А в нашей с Велией спальне уже вовсю шуршал вентилятор. Мне даже целиком его «изобретать» не пришлось. Пропеллер, ремённая передача с бечевой вместо ремня, да ветряк на вертикальной оси типа ротора Савониуса, работающий при любом направлении ветра – всё это напрашивалось само собой. Мешал мне лишь маленький пустячок – полное отсутствие идей, как это сделать из имеющихся материалов имеющимися инструментами.

Не знаю, сколько ещё дней я сушил бы над этим мозги, если бы не нашёлся тот, кто решил проблему чуть ли не играючи. Вышло же это дело так.
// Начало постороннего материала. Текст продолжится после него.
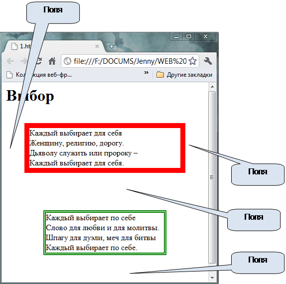 Поля — це відстань між елементами та між елементом і межами вікна.
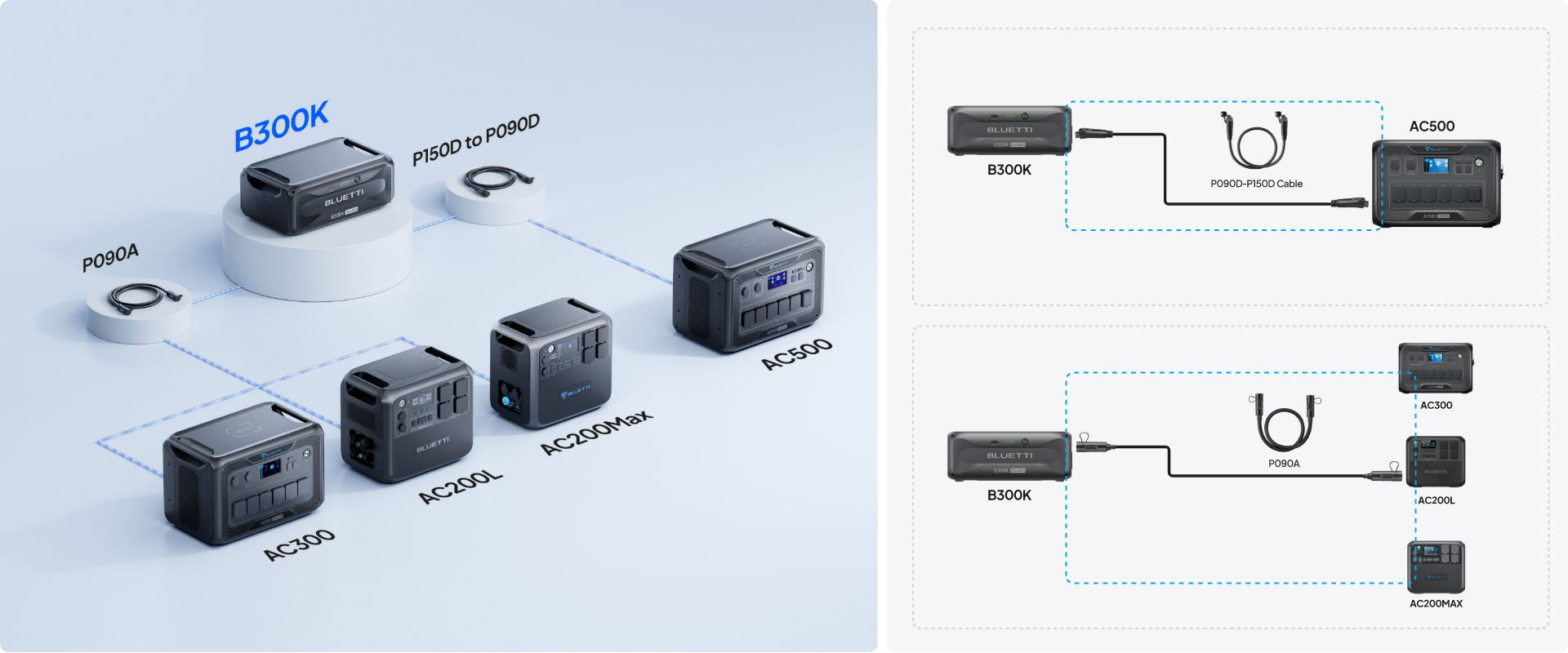 A: B300K is compatible with AC200L, AC200MAX, AC300, and AC500. The P090D to P150D cable is required for connecting with AC500 and sold separately. -

Ещё в самые первые дни управляющий доложил мне, что прежний хозяин собирался продать старого раба. Прямо по Катону, млять! Не то чтоб я был таким уж гуманистом-толстовцем, этот мир суров, а с волками жить – сам шерстью обрастёшь, но есть такой принцип – сказав «А», говори уже и «Б». Если уж я взялся за приведение в порядок морального климата на вилле в общем и целом, то и о подробностях не следует забывать. Ведь молодые рабы смотрят на то, как ты обходишься со старым, и понимают, что и с ними в его годы обойдутся так же. Если люди видят хозяйскую заботу, так они и сами работают на совесть. Да и сколько там дали бы за начавшего дряхлеть старика? Озолотят меня прямо эти гроши, что ли? Тем не менее на физических работах толку от него было уже – почти как с козла молока, и с ним нужно было что-то решать. Поговорив со стариком, я узнал немало интересного.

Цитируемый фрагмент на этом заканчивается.